Barrichello betonte trotz aller Kritik, dass die Rennwagen wesentlich sicherer als früher seien. Bezogen auf einen schweren, letztendlich aber folgenlosen Unfall zwischen Alexander Wurz und David Coulthard 2007 in Melbourne sagte er aber: «Wir müssen uns Gedanken machen. Die Sicht wird immer schlechter. Wir sitzen so tief im Auto, dass teilweise nicht einmal die Mechaniker sehen, ob ich es bin oder Jenson. Aber der Schutz ist dadurch deutlich besser.»
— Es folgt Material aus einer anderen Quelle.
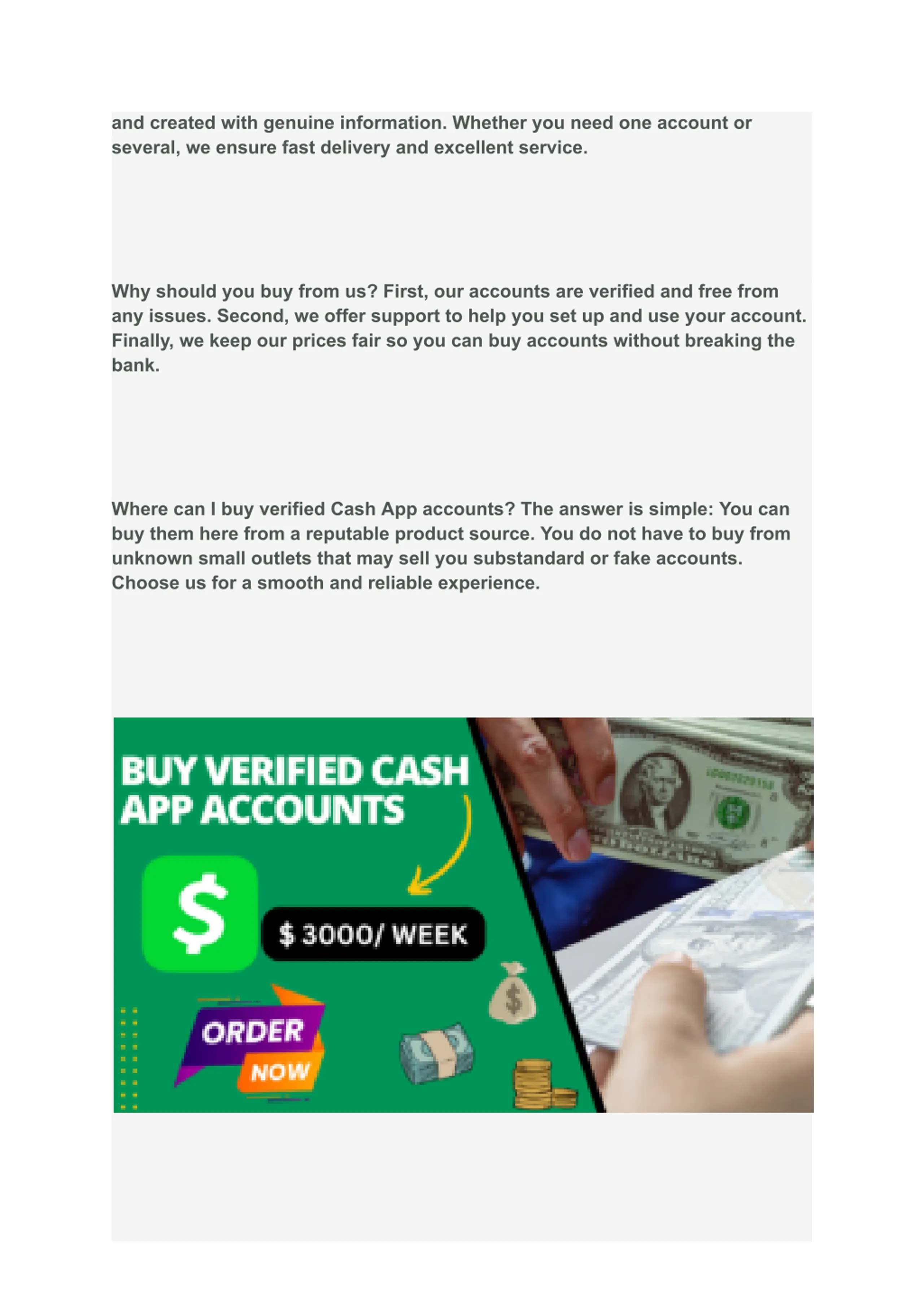 Why Do People Trust Us When Buy Verified Cash App Accounts? When it comes to buy verified Cash App accounts, trust is everything. People choose us because we put honesty and quality first. Let s explain why we stand out from the rest. Verified and secured accounts We provide fully verified Cash App accounts that are safe to use. Each account is checked for accuracy and security, so you can feel confident knowing your purchase is risk-free. So, buy verified Cash App accounts. Excellent Customer Support We have designed our work to require our team to support you closely throughout the process. Whether you have questions before or after a purchase, we re here to help. We offer fast replies and actual assistance. Fast and Easy Delivery

FIA-Rennleiter Charlie Whiting bezeichnete den Unfall als Ausnahme. «Wenn man dieses Szenario nachstellen wollte, würde man es wahrscheinlich in fünf Millionen Versuchen nicht schaffen, so etwas hinzukriegen», sagte er der Online-Ausgabe von «auto, motor und sport».
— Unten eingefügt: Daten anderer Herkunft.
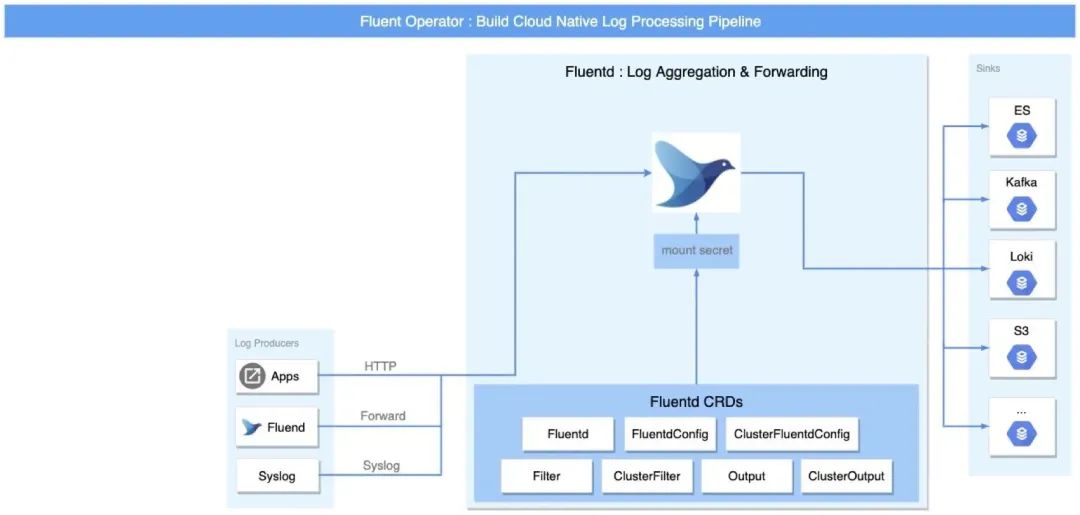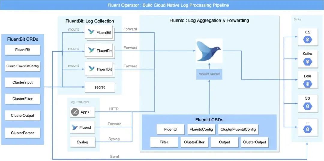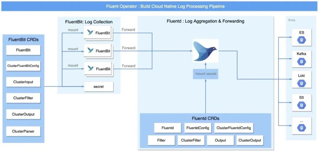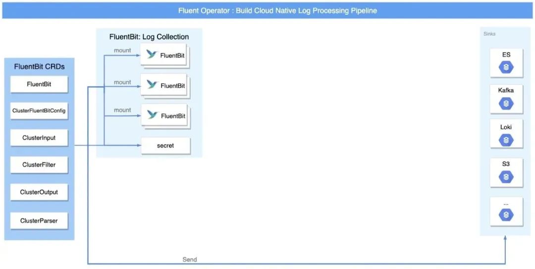 Fluent Operator 可以非常便捷地部署 Fluent Bit Daemonset 服务,运行于各计算节点。当然集群层级的 FluentBit CRD 也可以配置各种 Input,Filter,Parser,Output 等。Fluent Bit 支持将日志直接导出到 ElasticSearch,Kafka,Loki,S3 等众多目标服务,这些只需配置 CRD 即可。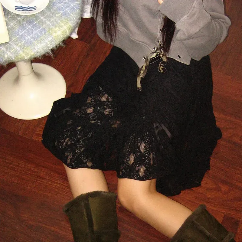 Summer Women Fashion Palace Style Lace Ruffled Skirt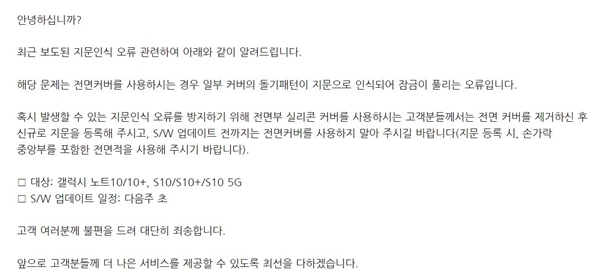 이는 한 해외 네티즌의 발견으로 외신들이 삼성전자가 갤럭시S10과 갤럭시노트10 등 삼성전자의 프리미엄 스마트폰에서 지문인식 오류를 발견하면서 시작됐다.

Indes drückten Fahrer, Teamchefs und andere Formel-1-Vertreter ihr großes Bedauern über den schweren Unfall aus. Die Ferrari- Verantwortlichen und Formel-1-Chef Bernie Ecclestone besuchten Massa im Krankenhaus. Auch Schumacher machte sich Sorgen über den gesundheitlichen Zustand Massas. Er erklärte auf seiner Internetseite: «Ich war natürlich gestern erst mal genauso geschockt wie alle anderen im Team auch, als ich die Bilder sah, und habe mich sofort und wiederholt nach Felipes Zustand erkundigt. Jetzt bleibt mir nur zu sagen: Gute Besserung, Felipe!»